I am looking at the very basics of replicating an option with a portfolio of risky and risk free assets. As such we can define a portfolio of $x$ no. of shares, $y$ bonds & $z$ options at time $(T)$ as;
\begin{equation} V(T) = xS(T) + yA(T) +zC(T) \end{equation}
I understand that due to the No-Arbitrage Principle that there is:
No portfolio that includes a position $z$ in call options and has initial value $V(0) = 0$ such that $V(T) \geq 0$ with probability 1 and $V(T) > 0$ with non-zero probability.
In the textbook we are then presented the value of an option to be;
$C(0) = x S(0) + yA(0)$
Or else arbitrage could occur.
I have completed exercises on this and understand the principle/procedures in real life that would lead to this opportunity, however the proof of this equality then takes the form of supposing:
$C(0) > xS(0) + yA(0)$
- We issue and sell one option for $C(0)$
- Take a long position in the equivalent portfolio $(x,y)$, i.e. buying shares and borrowing cash for replication of a call option
We thus have a positive balance of $C(0) -xS(0) - yA(0) > 0$ and invest this excess amount risk free.
The point I take objection with then follows in the assertion that the resulting portfolio then has an initial value of $V(0) = 0$, as if we were to sub this into our first equation, we would obviously end up with a non zero positive value due to our excess balance given by the inequality.
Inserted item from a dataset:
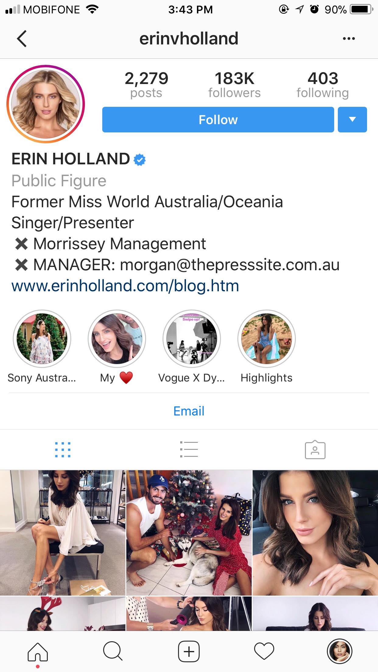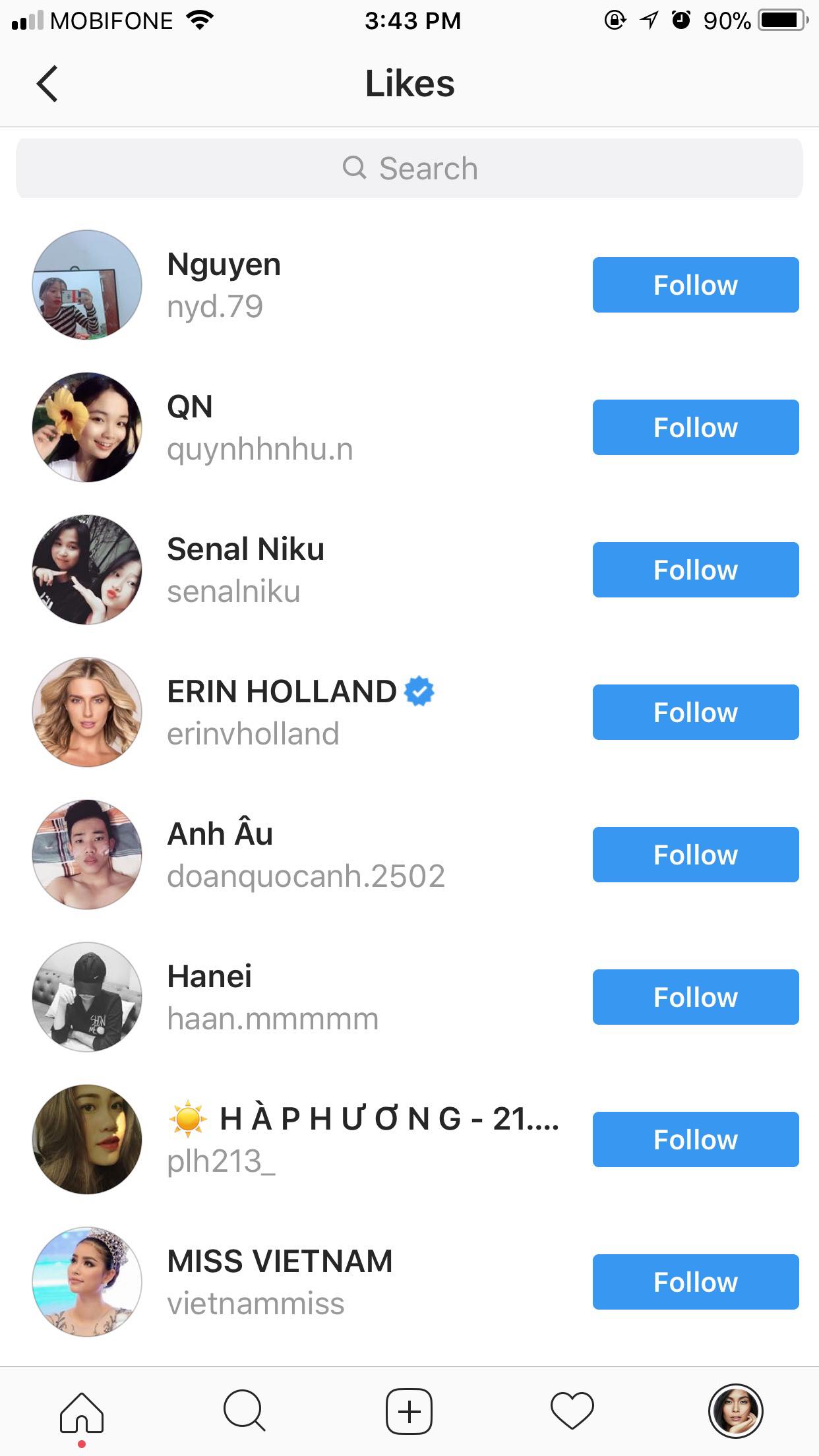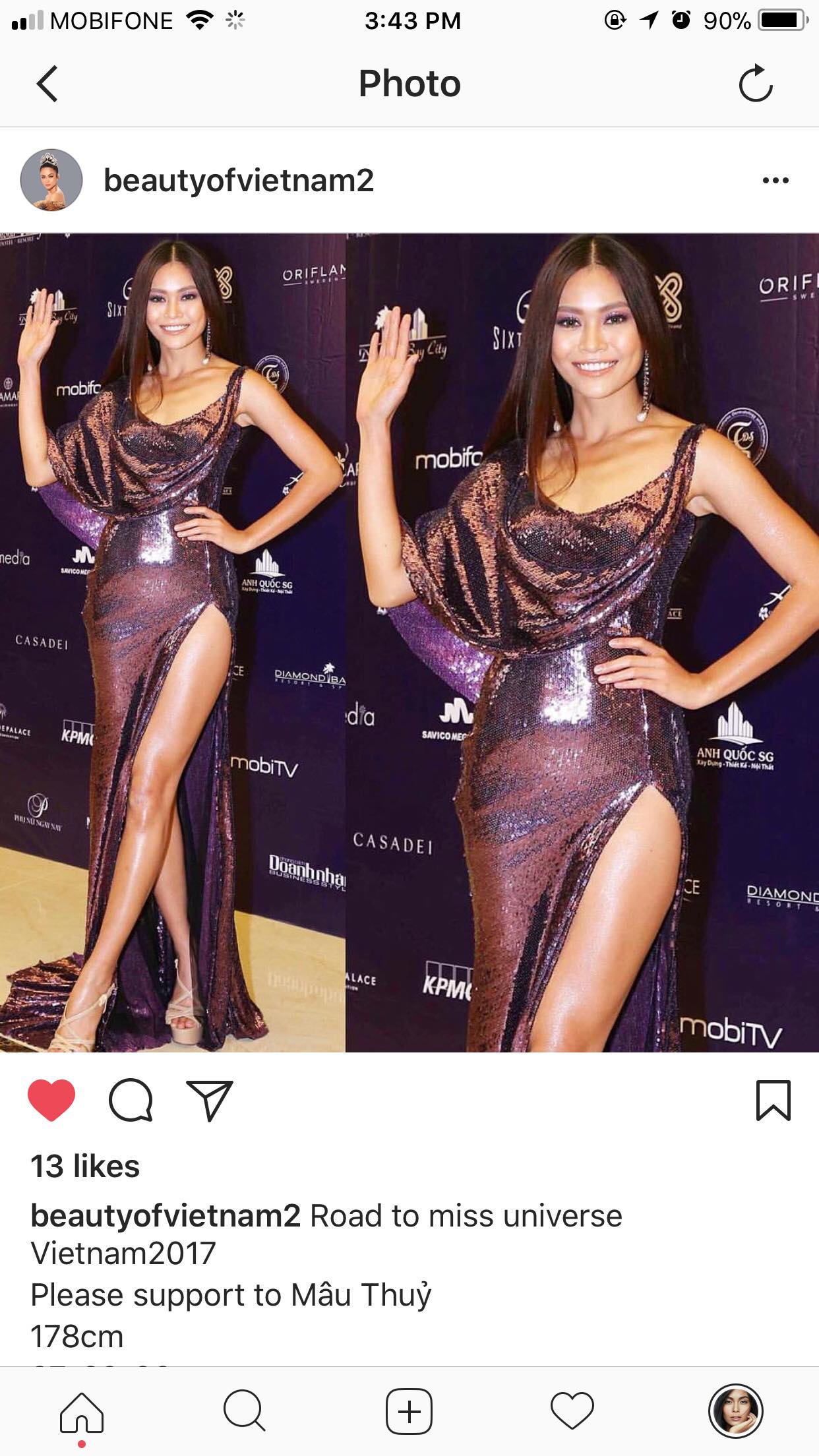 Bên canh đó, cư dân mạng cũng bất ngờ khi phát hiện Hoa hậu Thế giới Australia 2013 Erin Holland bấm thích bức hình của Mâu Thuỷ trên trang Instagram của Beautiofvietnam2 - chuyên trang đăng ảnh của các thí sinh Miss Universe Vietnam 2017.

I would also assume we can't just look at the $(x,y)$ portion of the portfolio following the definition given in the first quote block?
I understand I am probably missing a very basic concept in trying to understand this but it is annoying me enough that I wish to understand before progressing. If anyone can clear this up for me it would be greatly appreciated.
Cheers!